(Data entries)
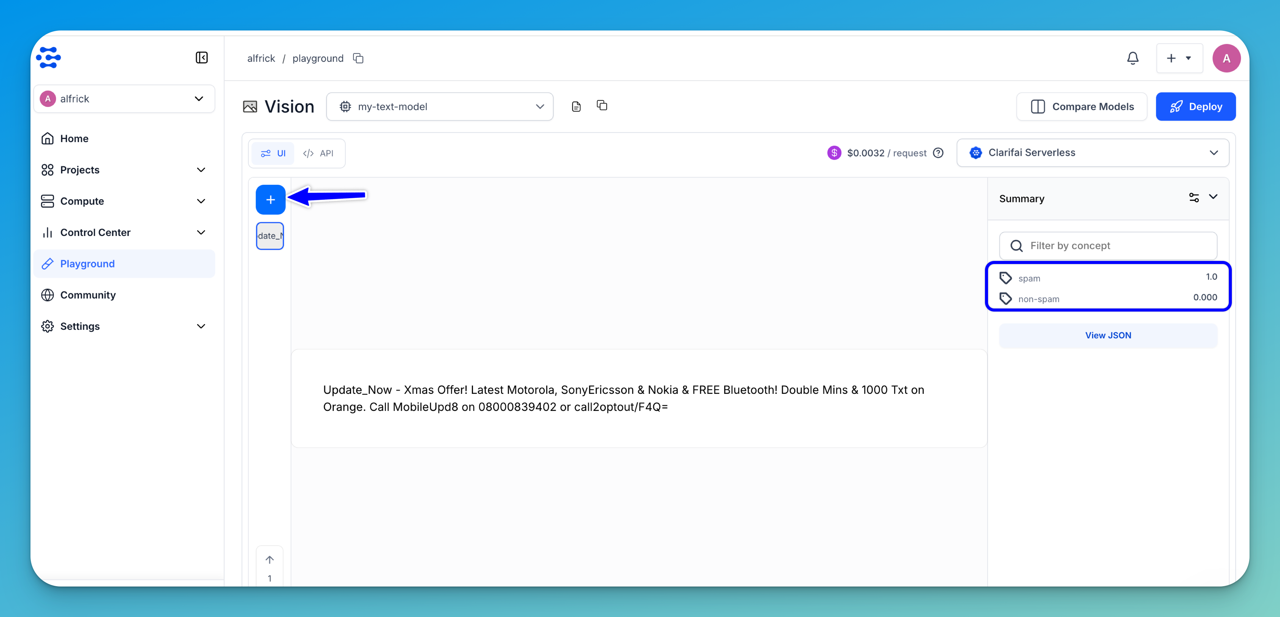 To test the model, click the blue Open in Playground button in the upper-right corner. This will take you to the AI Playground, where you can enter a text sample and view its classification results.
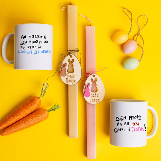 Πασχαλινό πακετάκι για ζευγάρια που θέλουν να κάνουν ανάσταση μαζί φέτος και το επόμενο πρωί να πιούν παρέα τον καφέ τους. Κομψές λαμπάδες συνοδευόμενες από δυο κούπες με ένα από τα πιο γλυκά σχέδια για ζευγαράκια.
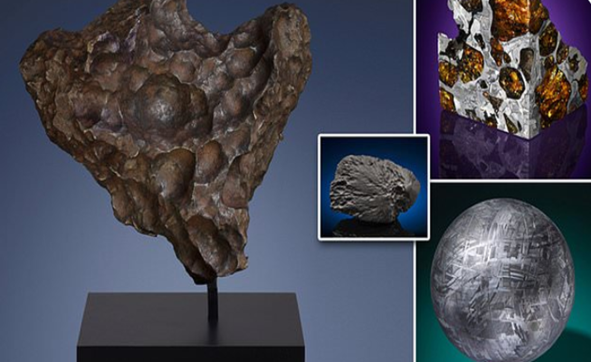 ومن بين هذه النيازك غير العادية، اكتُشفت كرة فضية متلألئة صُممت من نيزك وُجد في السويد نشأ من “قلب كويكب محطم”، وهي معروضة مقابل مبلغ ما بين 14000 دولار و18000 دولار.
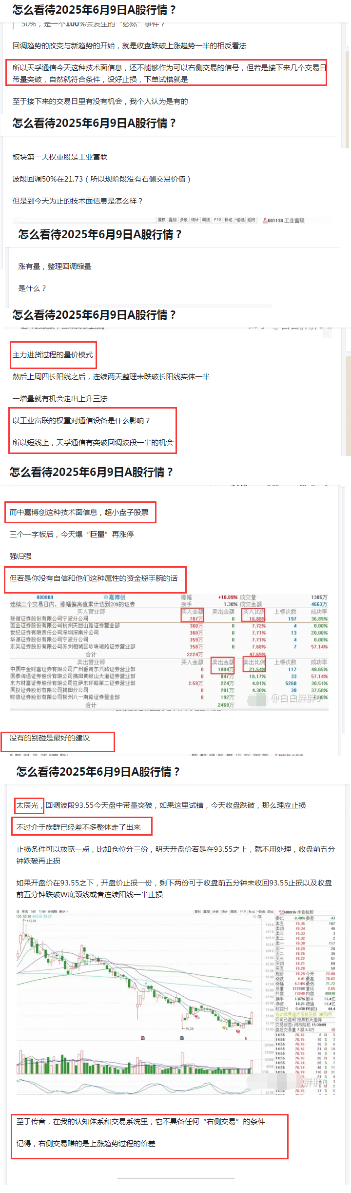 2025.6.9A股分析(通信设备内不同技术面节奏的个股怎么看待)
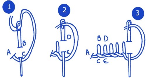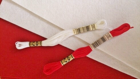 - Pak 2 draden DMC splitzijde en sluit de zijnaden met een festonsteek. Gebruik voor een mooi effect, bij het rode vilt, wit draad en bij het witte vilt rood draad. Bekijk het plaatje hieronder als je niet precies meer weet hoe de festonsteek moet.

• Exercise description: If a record contains a picture, drop the picture and repeat the rest exactly.

• Solution to this task:
 To test the model, click the blue Open in Playground button in the upper-right corner. This will take you to the AI Playground, where you can enter a text sample and view its classification results.
 Πασχαλινό πακετάκι για ζευγάρια που θέλουν να κάνουν ανάσταση μαζί φέτος και το επόμενο πρωί να πιούν παρέα τον καφέ τους. Κομψές λαμπάδες συνοδευόμενες από δυο κούπες με ένα από τα πιο γλυκά σχέδια για ζευγαράκια.
 ومن بين هذه النيازك غير العادية، اكتُشفت كرة فضية متلألئة صُممت من نيزك وُجد في السويد نشأ من “قلب كويكب محطم”، وهي معروضة مقابل مبلغ ما بين 14000 دولار و18000 دولار.
 2025.6.9A股分析(通信设备内不同技术面节奏的个股怎么看待)
 - Pak 2 draden DMC splitzijde en sluit de zijnaden met een festonsteek. Gebruik voor een mooi effect, bij het rode vilt, wit draad en bij het witte vilt rood draad. Bekijk het plaatje hieronder als je niet precies meer weet hoe de festonsteek moet.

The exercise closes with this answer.